Publicado em 18 de outubro de 2022 às 10h15.

Última atualização em 26 de outubro de 2022 às 13h33.

Priorizar nos meus resultados Google

Em resumo, o principal objetivo da COP 27, que ocorre no Egito entre os dias 6 e 18 de novembro, é limitar o aquecimento global a no máximo 1,5ºC. O que a próxima conferência climática da ONU almeja acima de tudo, portanto, é colocar em prática uma estratégia para cumprir a meta estabelecida no já antigo Acordo de Paris, de 2015. Em comparação aos níveis pré-industriais, vale dizer, o mundo já está 1,2ºC mais quente.

Esse primeiro objetivo, gigantesco e urgente, está relacionado à chamada mitigação. Mas a conferência também tem como meta criar estratégias que mirem a adaptação, o financiamento e a colaboração, assim como nas edições anteriores. Adaptação porque os participantes precisam colocar em prática um plano para proteger as comunidades que, invariavelmente, serão afetadas pelo aquecimento global — parte do estrago, como se sabe, já está feito graças ao efeito estufa. 

O financiamento é outro ponto-chave porque a ONU considera urgente convencer os países mais ricos a disponibilizar pelo menos 100 milhões de dólares por ano.
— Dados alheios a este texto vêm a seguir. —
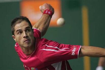 Aimar Olaizola logró ayer su tercer título en el campeonato del Cuatro y Medio tras arrollar a Xala (22-5) en la meteórica final disputada en el frontón Atano III de San Sebastián. Olaizola II no dio ninguna opción a su oponente, al que endosó siete tantos de saque y le sometió a un bombardeo de pelotazos que reflejó bien la diferencia de pegada entre ambos pelotaris. Xala, quien empezó muy mal, fue incapaz de rehacerse ante el vendaval de Olaizola II, que consiguió tantos de todas las facturas. Juego de volea, de gancho, de bote, dejaron a Xala en cinco tantos y derrotado antes de que el marcador reflejase el cartón 22 para Aimar Olaizola. En la fotografía, Olaizola se prepara para soltar un derechazo en un momento del partido.

Esse dinheiro todo, espera-se, será usado pelas nações mais pobres no enfrentamento das mudanças climáticas. Já a colaboração se refere à visão da conferência, corretíssima, de que a mitigação das mudanças climáticas depende da participação inclusiva e ativa de todos os stakeholders. Sem a participação de governos, do setor privado e da sociedade civil, todos nós corremos sérios riscos.  

Quais são as consequências do aquecimento global?

Nunca é demais lembrar: caso a temperatura planetária suba 2ºC, em média, estaremos em sérios apuros. Quase todos os recifes de coral de água quente, por exemplo, seriam destruídos e o gelo do mar Ártico derreteria inteiramente em pelo menos um verão a cada década. Outra consequência seria o derretimento de parte considerável da Groenlândia e da Antártica, elevando o nível do mar em vários metros ao longo dos próximos séculos. 

Mais: quase um terço da população ficaria regularmente exposta ao calor severo, o que se traduziria em problemas de saúde e, inevitavelmente, em maior número de mortes relacionadas ao clima. Mantido o teto de 1,5ºC tudo fica resolvido? Negativo. Mas o panorama seria menos apocalíptico. Nesse cenário, a humanidade enfrentaria menos riscos de escassez de alimentos e água e menos espécies correriam risco de extinção. E as doenças desencadeadas pela poluição do ar também seriam menos preocupantes. 

O que se sabe, ao certo, é que a janela que viabiliza a meta de limitar o aquecimento global a 1,5ºC já está se fechando. O maior golpe ao Acordo de Paris, substituto do Protocolo de Kyoto, foi a desistência dos Estados Unidos em colaborar, em 2017, por ordem do ex-presidente Donald Trump. Biden desfez o movimento depois de assumir a Casa Branca e prometeu traçar uma estratégia para zerar as emissões norte-americanas de poluentes até 2050. 

Até a China, o país que mais polui, prometeu mudanças — tem como objetivo atingir o pico de emissões do poluente até 2030 e baixar a zero até 2060. Na sequência, o gigante asiático criou o maior mercado de carbono do mundo. Por enquanto, só o setor de energia, que responde por 40% das emissões chinesas, precisa se submeter à novidade. 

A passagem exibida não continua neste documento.